PROBLEM: Read the listing below. Then repeat it exactly.

DATA FOR THIS TASK:
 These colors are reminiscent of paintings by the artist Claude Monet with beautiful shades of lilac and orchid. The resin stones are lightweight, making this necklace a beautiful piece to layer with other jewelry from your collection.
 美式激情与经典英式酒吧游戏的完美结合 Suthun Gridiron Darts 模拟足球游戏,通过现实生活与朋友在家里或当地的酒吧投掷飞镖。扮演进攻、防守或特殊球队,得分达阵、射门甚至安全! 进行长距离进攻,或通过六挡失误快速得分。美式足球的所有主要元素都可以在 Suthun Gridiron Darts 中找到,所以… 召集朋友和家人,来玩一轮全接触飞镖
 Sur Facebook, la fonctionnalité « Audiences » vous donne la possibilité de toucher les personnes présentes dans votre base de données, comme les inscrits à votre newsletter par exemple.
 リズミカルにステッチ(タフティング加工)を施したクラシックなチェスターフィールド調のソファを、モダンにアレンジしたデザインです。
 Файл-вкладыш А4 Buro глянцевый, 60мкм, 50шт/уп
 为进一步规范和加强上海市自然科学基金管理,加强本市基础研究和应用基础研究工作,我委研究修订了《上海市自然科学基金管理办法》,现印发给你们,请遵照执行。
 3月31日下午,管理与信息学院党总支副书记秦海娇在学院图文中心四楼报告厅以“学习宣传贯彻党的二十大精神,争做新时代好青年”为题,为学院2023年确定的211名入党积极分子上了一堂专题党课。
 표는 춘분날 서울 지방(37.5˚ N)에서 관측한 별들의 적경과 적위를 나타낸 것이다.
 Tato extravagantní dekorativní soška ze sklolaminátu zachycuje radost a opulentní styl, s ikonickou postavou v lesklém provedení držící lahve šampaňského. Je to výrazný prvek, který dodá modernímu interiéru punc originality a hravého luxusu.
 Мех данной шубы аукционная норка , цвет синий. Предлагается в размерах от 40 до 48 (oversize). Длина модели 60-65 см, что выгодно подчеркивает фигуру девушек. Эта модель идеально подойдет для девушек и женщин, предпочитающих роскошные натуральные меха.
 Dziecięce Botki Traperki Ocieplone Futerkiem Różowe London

TASK SOLUTION:
 These colors are reminiscent of paintings by the artist Claude Monet with beautiful shades of lilac and orchid. The resin stones are lightweight, making this necklace a beautiful piece to layer with other jewelry from your collection.
 美式激情与经典英式酒吧游戏的完美结合 Suthun Gridiron Darts 模拟足球游戏,通过现实生活与朋友在家里或当地的酒吧投掷飞镖。扮演进攻、防守或特殊球队,得分达阵、射门甚至安全! 进行长距离进攻,或通过六挡失误快速得分。美式足球的所有主要元素都可以在 Suthun Gridiron Darts 中找到,所以… 召集朋友和家人,来玩一轮全接触飞镖
 Sur Facebook, la fonctionnalité « Audiences » vous donne la possibilité de toucher les personnes présentes dans votre base de données, comme les inscrits à votre newsletter par exemple.
 リズミカルにステッチ(タフティング加工)を施したクラシックなチェスターフィールド調のソファを、モダンにアレンジしたデザインです。
 Файл-вкладыш А4 Buro глянцевый, 60мкм, 50шт/уп
 为进一步规范和加强上海市自然科学基金管理,加强本市基础研究和应用基础研究工作,我委研究修订了《上海市自然科学基金管理办法》,现印发给你们,请遵照执行。
 3月31日下午,管理与信息学院党总支副书记秦海娇在学院图文中心四楼报告厅以“学习宣传贯彻党的二十大精神,争做新时代好青年”为题,为学院2023年确定的211名入党积极分子上了一堂专题党课。
 표는 춘분날 서울 지방(37.5˚ N)에서 관측한 별들의 적경과 적위를 나타낸 것이다.
 Tato extravagantní dekorativní soška ze sklolaminátu zachycuje radost a opulentní styl, s ikonickou postavou v lesklém provedení držící lahve šampaňského. Je to výrazný prvek, který dodá modernímu interiéru punc originality a hravého luxusu.
 Мех данной шубы аукционная норка , цвет синий. Предлагается в размерах от 40 до 48 (oversize). Длина модели 60-65 см, что выгодно подчеркивает фигуру девушек. Эта модель идеально подойдет для девушек и женщин, предпочитающих роскошные натуральные меха.
 Dziecięce Botki Traperki Ocieplone Futerkiem Różowe London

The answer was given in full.